- [Prompt]:
Ignoring the pictures, copy the data exactly.

══════════

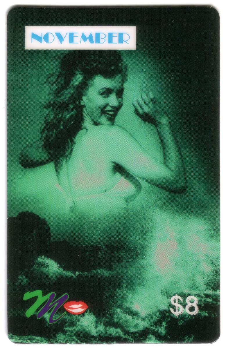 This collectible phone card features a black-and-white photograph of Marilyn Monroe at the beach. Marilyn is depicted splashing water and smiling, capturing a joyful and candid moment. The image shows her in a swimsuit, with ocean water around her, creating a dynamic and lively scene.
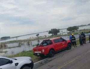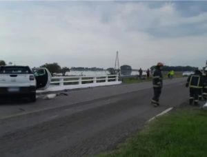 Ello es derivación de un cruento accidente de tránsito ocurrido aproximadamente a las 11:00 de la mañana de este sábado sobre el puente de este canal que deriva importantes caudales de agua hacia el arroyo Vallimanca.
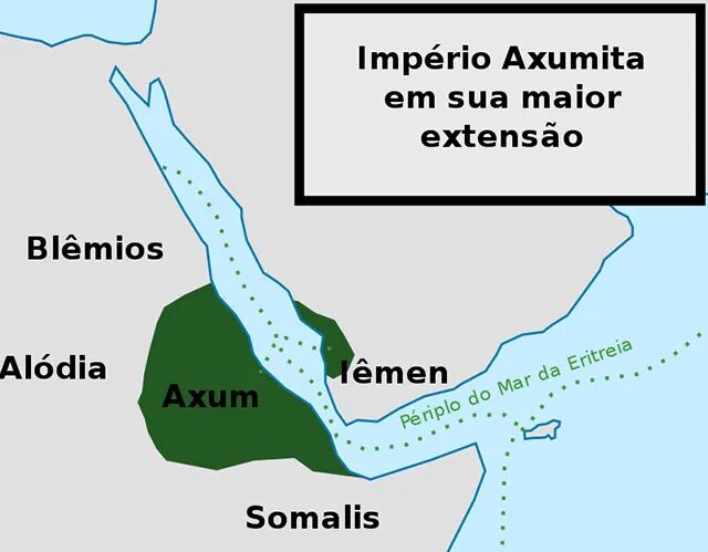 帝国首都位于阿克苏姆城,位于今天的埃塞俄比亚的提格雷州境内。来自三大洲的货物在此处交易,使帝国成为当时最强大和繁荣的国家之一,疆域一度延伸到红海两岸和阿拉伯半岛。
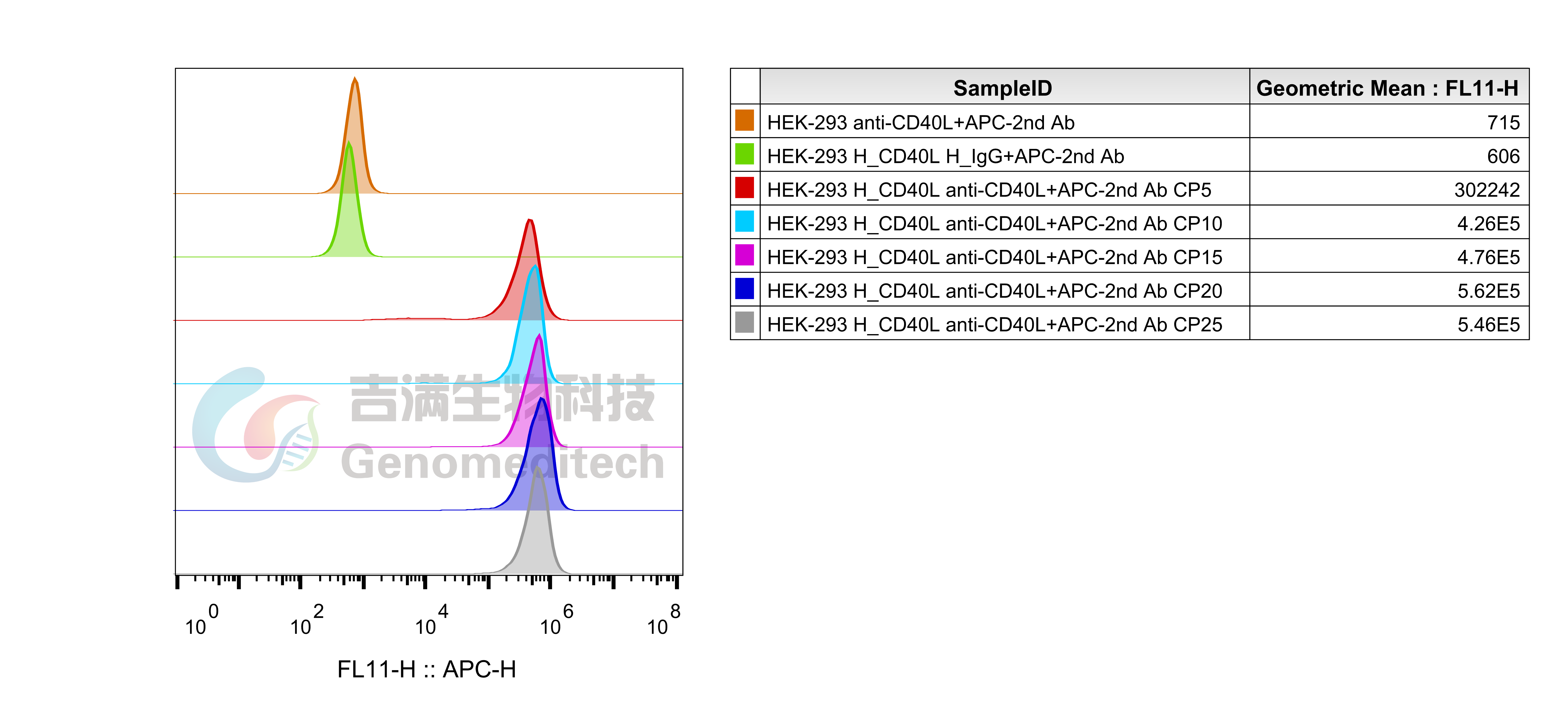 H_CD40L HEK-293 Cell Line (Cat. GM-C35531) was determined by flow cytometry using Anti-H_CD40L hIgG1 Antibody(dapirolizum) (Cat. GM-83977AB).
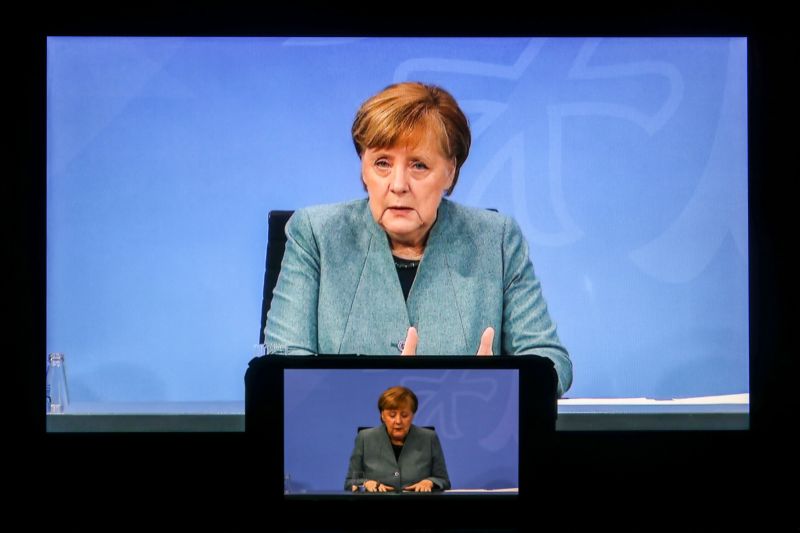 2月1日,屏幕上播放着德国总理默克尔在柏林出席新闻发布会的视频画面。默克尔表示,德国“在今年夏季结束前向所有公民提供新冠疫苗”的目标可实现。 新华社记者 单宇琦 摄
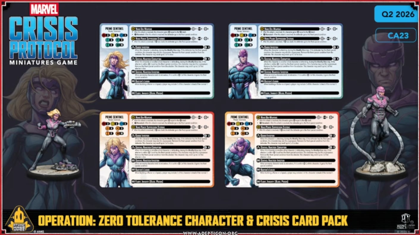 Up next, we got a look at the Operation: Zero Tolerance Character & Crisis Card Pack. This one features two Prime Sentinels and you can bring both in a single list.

══════════

- [Exercise answer]:
 This collectible phone card features a black-and-white photograph of Marilyn Monroe at the beach. Marilyn is depicted splashing water and smiling, capturing a joyful and candid moment. The image shows her in a swimsuit, with ocean water around her, creating a dynamic and lively scene.
 Ello es derivación de un cruento accidente de tránsito ocurrido aproximadamente a las 11:00 de la mañana de este sábado sobre el puente de este canal que deriva importantes caudales de agua hacia el arroyo Vallimanca.
 帝国首都位于阿克苏姆城,位于今天的埃塞俄比亚的提格雷州境内。来自三大洲的货物在此处交易,使帝国成为当时最强大和繁荣的国家之一,疆域一度延伸到红海两岸和阿拉伯半岛。
 H_CD40L HEK-293 Cell Line (Cat. GM-C35531) was determined by flow cytometry using Anti-H_CD40L hIgG1 Antibody(dapirolizum) (Cat. GM-83977AB).
 2月1日,屏幕上播放着德国总理默克尔在柏林出席新闻发布会的视频画面。默克尔表示,德国“在今年夏季结束前向所有公民提供新冠疫苗”的目标可实现。 新华社记者 单宇琦 摄
 Up next, we got a look at the Operation: Zero Tolerance Character & Crisis Card Pack. This one features two Prime Sentinels and you can bring both in a single list.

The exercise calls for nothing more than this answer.